◆ Collected data
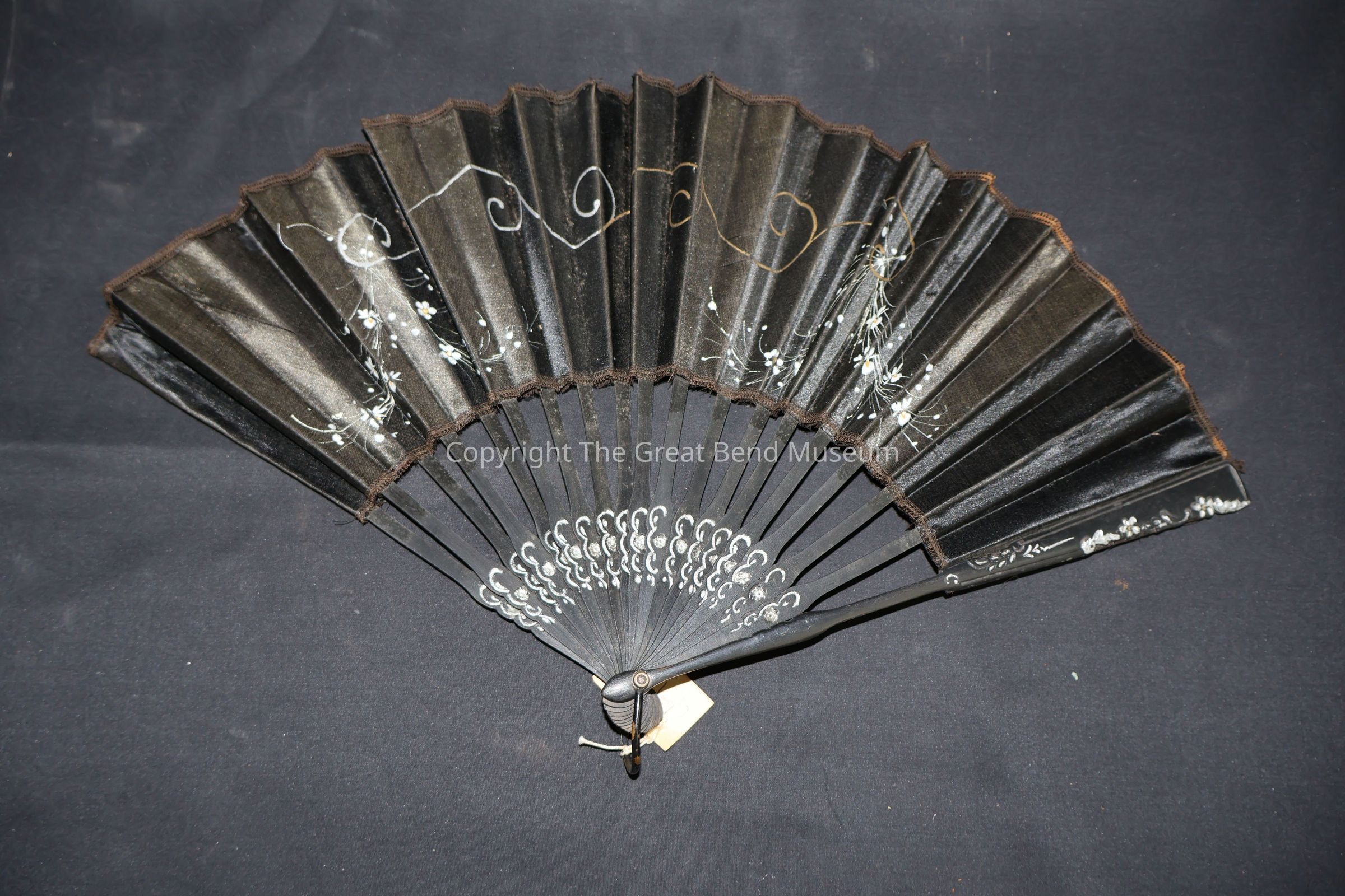 black silk fan on wooden black spines. Silk is black with scattered white, silver and gold floral designs black fans were ofter called "mourning fans" used at funerals/ burials.Acquisition
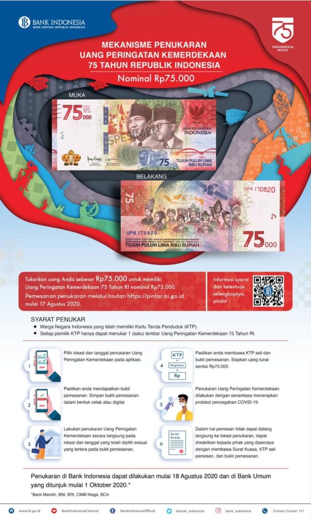 KORDANEWS-Tingginya antusiasme masyarakat dari #SobatRupiah yang ingin memiliki Uang Peringatan Kemerdekaan (UPK) 75 Tahun RI, menyebabkan Bank Indonesia membuka layanan penukaran secara kolektif. Layanan ini terbagi menjadi tiga peruntukkan, yakni Kementerian/ Lembaga/Instansi, Korporasi/Asosiasi/ Perkumpulan, dan masyarakat umum.
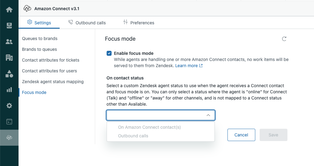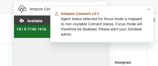 When Focus mode is turned on your agents won’t be served any Zendesk work items while they’re handling an Amazon Connect contact.
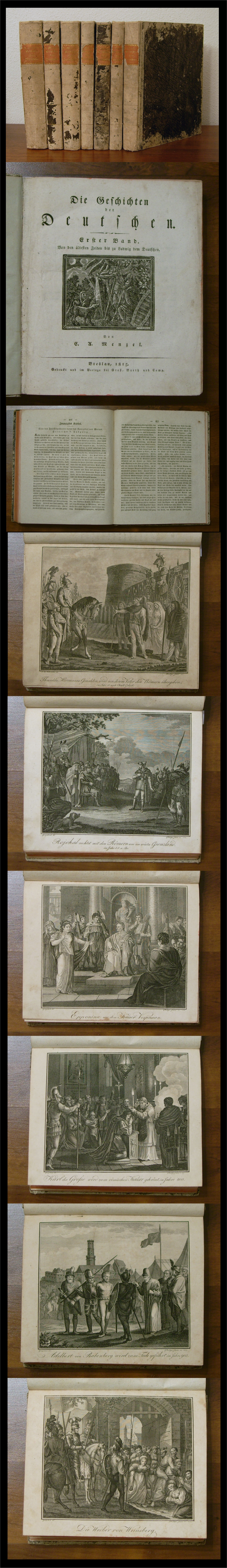 Sporschil, Johann. Die Kaiser-Chronik. Enthaltend die Schlachten, Gefechte, Kämpfe und Waffenthaten der französischen Heere unter Napoleon. Mit neunzig historischen Bildern nach Gemälden der Gallerie zu Versailles und anderer berühmter Meister. In Stahl gestochen von Reveil in Paris.. Leipzig, Weber, 1837. Kl.8°, mit gest. Vortitel, 90 gest. Tafeln, 1 Bl., (VIII) 352 S. Pp d. Z. Erste Auflage. Einband verzogen, bereiben und bestoßen, Titel mit handschr. Namenszug, papierbedingt gebräunt und fleckig. Gesamt noch gutes Exemplar. Bestell-Nr: 8-0-468..........verkauft | ||
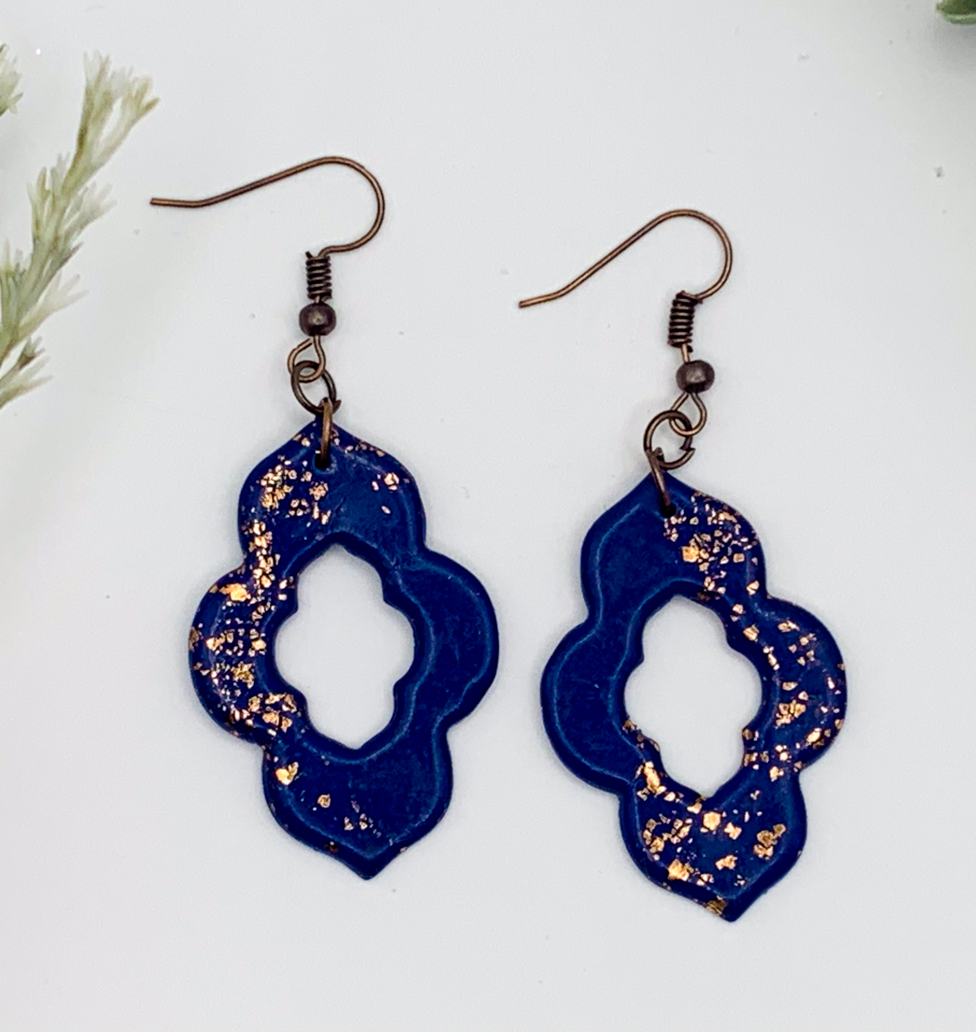 Exotic elegance! These cobalt blue clay earrings feature a Moroccan-inspired cutout design sprinkled with golden foil for a luxe finish.

◆ REQUIRED WORK
After dropping the pictures, reproduce exactly the lines from the first line of the entries through the line containing "When Focus mode", both included.

◆ EXERCISE RESULT
 black silk fan on wooden black spines. Silk is black with scattered white, silver and gold floral designs black fans were ofter called "mourning fans" used at funerals/ burials.Acquisition
 KORDANEWS-Tingginya antusiasme masyarakat dari #SobatRupiah yang ingin memiliki Uang Peringatan Kemerdekaan (UPK) 75 Tahun RI, menyebabkan Bank Indonesia membuka layanan penukaran secara kolektif. Layanan ini terbagi menjadi tiga peruntukkan, yakni Kementerian/ Lembaga/Instansi, Korporasi/Asosiasi/ Perkumpulan, dan masyarakat umum.
 When Focus mode is turned on your agents won’t be served any Zendesk work items while they’re handling an Amazon Connect contact.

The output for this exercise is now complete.